Concepts
Datasets
A dataset is a collection of examples we want our AI application to answer correctly. Datasets are stored here.
Each dataset row has:
- input
- expected output
- metadata
These are all JSON objects.
Key | Description | Required | Examples |
---|---|---|---|
input | Used as inputs into your AI application. For a RAG use-case, this could be query into your RAG pipeline. | true | {"question": "What is the capital of Australia?", "conversation_history": [{"role": "user", "content": "What is the capital of France?"}, {"role": "assistant", "content": "Paris"}]} |
expected output | What we expect the AI to answer. | false | {"answer": "Canberra"} |
metadata | Additional information for organizing examples. | false | {"category": "Geography", "difficulty": "Easy"} |
For built-in scores like Facts Compare and Accuracy, the expected output is a single string.
For some applications, there is no ‘correct’ answer. In this case, you can leave the expected output blank. You can create a custom score to calculate the correctness of your AI output without needing an expected output. For example, to determine if the LLM response contains the correct number format, the custom score would consume just the output and run the score reference-free.
For other applications, there are multiple correct answers. (e.g. text => SQL, multiple-valid queries) You can create a a custom score to determine if the SQL query matches a set of correct queries.
See example dataset here: Sample dataset file.
Any changes to the datasets (additions, deletions, or updates) are versioned, so you can revert to a previous version if needed.
Experiments
An experiment measures the quality of your Prompt, RAG & AI agent for each dataset example, using a variety of scores. You can see the results of your experiments in the experiments page.
There are two ways to run experiments:
- From the prompt playground - See prompt playground.
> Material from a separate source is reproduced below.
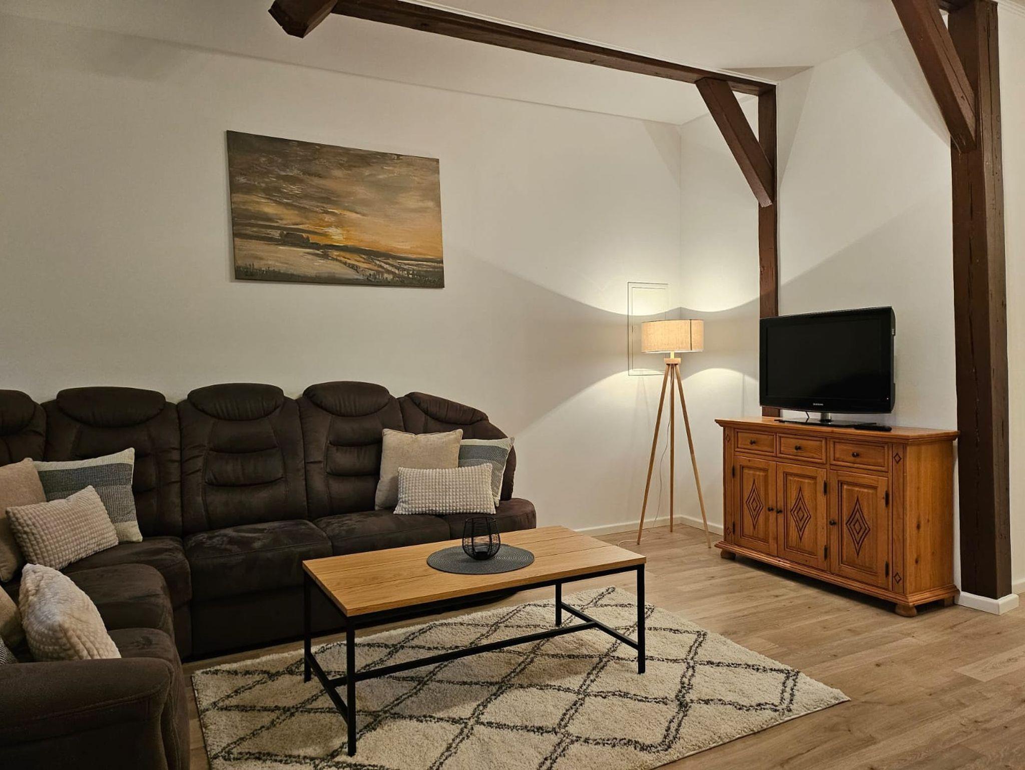 Die Ferienwohnung Mariannenhof für bis zu 4 Personen (plus 1 Kleinkind) befindet sich im Obergeschoss des Herrenhauses und ist über eine Außentreppe und die Dachterrasse erreichbar. Die Wohnung hat ein sehr behagliches Ambiente und bietet einen schönen Ausblick auf die Landschaft.

- From a script outside of your AI application - see the evaluations guide for an end-to-end example.
Scores
A score is a function that compares the AI output with the desired output. We support several scores out of the box:
Name | Description | Result interpretation |
---|---|---|
Accuracy | Compare LLM output vs. desired output | Accurate - The LLM response is similar to the desired response Slightly Inaccurate - The LLM response is close but missing a critical fact captured in the desired response Completely Incorrect - The LLM response is different or contradicts the desired response |
Facts Compare | A more detailed version of Accuracy with more granular buckets | Superset - The set of facts in the LLM response is a superset of the desired response Identical - LLM response is identical to the desired response Similar - There may be stylistic differences between the two, but factually they’re equivalent Subset - The set of facts in the LLM response is a subset of the desired response Disagreement - There is one or more factual disagreements between the LLM response and the desired response |
SQL Eval | Compare AI-generated SQL query to desired query | Best - The LLM generated query is identical to the desired query Acceptable - The LLM query looks similar to the desired query Incorrect - The LLM query is completely wrong Undetermined - Require a human to help classify this |
RAG* Context Recall | 0 to 1, higher is better | % of output sentences that exist in the context docs |
RAG* Context Precision | 0 to 1, higher is better | % of contexts relevant to the input (how precise is my retrieval) |
RAG* Hallucination | 0 to 1, lower is better | % of LLM output sentences that are NOT supported by the context |
*For more information on RAG scores, see our RAG guide.
User-defined scores
You can also define custom scores using Python or TypeScript code. See our Custom Scores guide.
Traces
A trace is a data record describing an event in the AI pipeline. Hamming supports different types of events, such as:
- LLM call - contains information about the LLM provider, model and parameters
- Document retrieval - contains information about the retrieval engine, documents retrieved and query parameters
- Custom event - free-form event used to record any other information
Traces can be collected when running an evaluation experiment, or realtime from your AI application.